▼

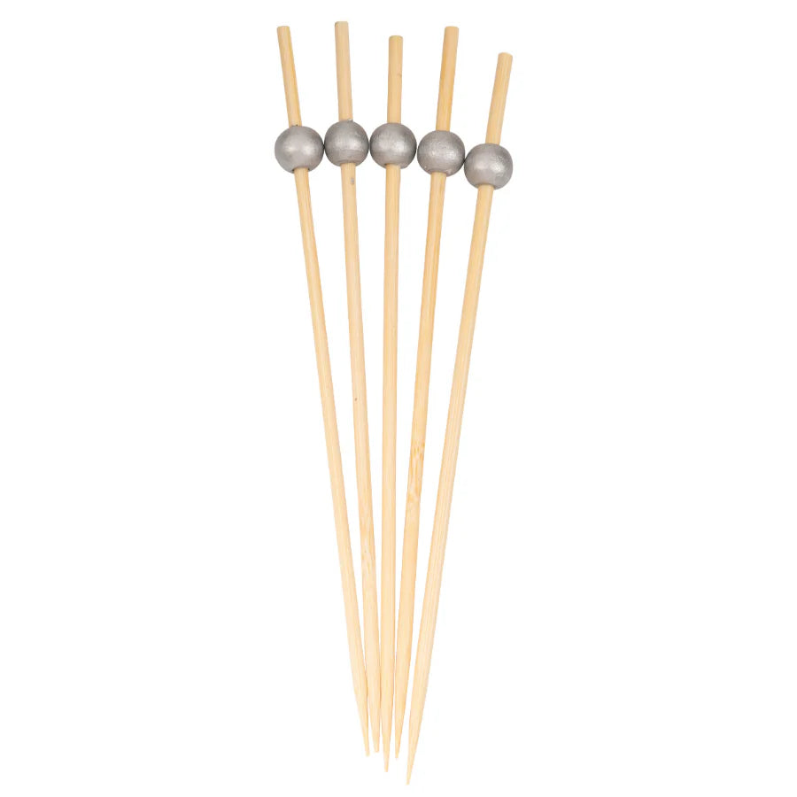 Stick it to your appetizers with style! These silver 6-inch wood party picks bring a touch of sparkle to every bite-sized treat. Perfect for cheese cubes, olives, shrimp, or whatever delicious morsels you're serving up. With 30 picks in each pack, you'll have plenty to keep the party going. Elegant enough for fancy gatherings, fun enough for casual celebrations. Make every appetizer moment memorable!
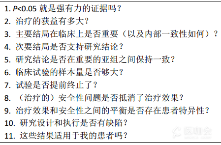 新英格兰医学杂志刊出的一篇综述《The Primary Outcome Is Positive — Is That Good Enough?》中[1],作者认为当临床试验的主要结局阳性时,还应当考虑11个问题。(表1)
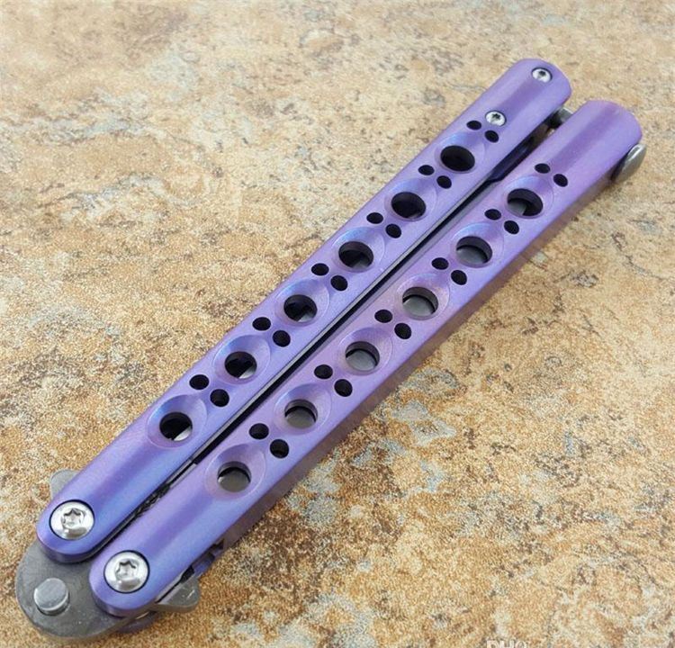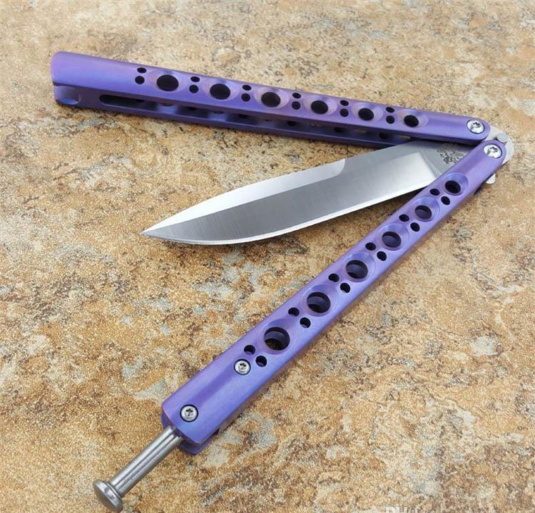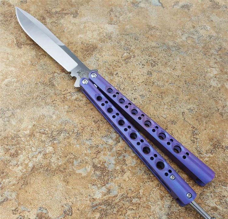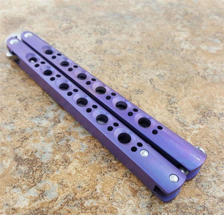 经典紫色钛柄蝴蝶甩刀BM42复刻版 全长:23.3CM(打开) 刃长:9.5CM 刃厚:0.3CM 刃材料:440C不锈钢 表面:钛柄氧化紫色 硬度:58 重量:115克 刀鞘:尼龙刀鞘 由The one (唯一)精工打造,刀柄选用一体T-4钛经数控车床(CNC)加工而成,整体重量115克,1:1复刻原版,蝴蝶标,刀刃选用优质440C刀刃,数控精磨,搭配高品质丝扣等,精工细活,为广大甩刀迷打造经典蝴蝶甩刀

▲

## Exercise directions
Retype verbatim only the lines beginning with the line that contains "新英格兰医学杂志刊出的一篇综述《The Primary Outcome" and ending with the last line of the listing above; pictures are to be excluded.

## Result of the exercise
 新英格兰医学杂志刊出的一篇综述《The Primary Outcome Is Positive — Is That Good Enough?》中[1],作者认为当临床试验的主要结局阳性时,还应当考虑11个问题。(表1)
 经典紫色钛柄蝴蝶甩刀BM42复刻版 全长:23.3CM(打开) 刃长:9.5CM 刃厚:0.3CM 刃材料:440C不锈钢 表面:钛柄氧化紫色 硬度:58 重量:115克 刀鞘:尼龙刀鞘 由The one (唯一)精工打造,刀柄选用一体T-4钛经数控车床(CNC)加工而成,整体重量115克,1:1复刻原版,蝴蝶标,刀刃选用优质440C刀刃,数控精磨,搭配高品质丝扣等,精工细活,为广大甩刀迷打造经典蝴蝶甩刀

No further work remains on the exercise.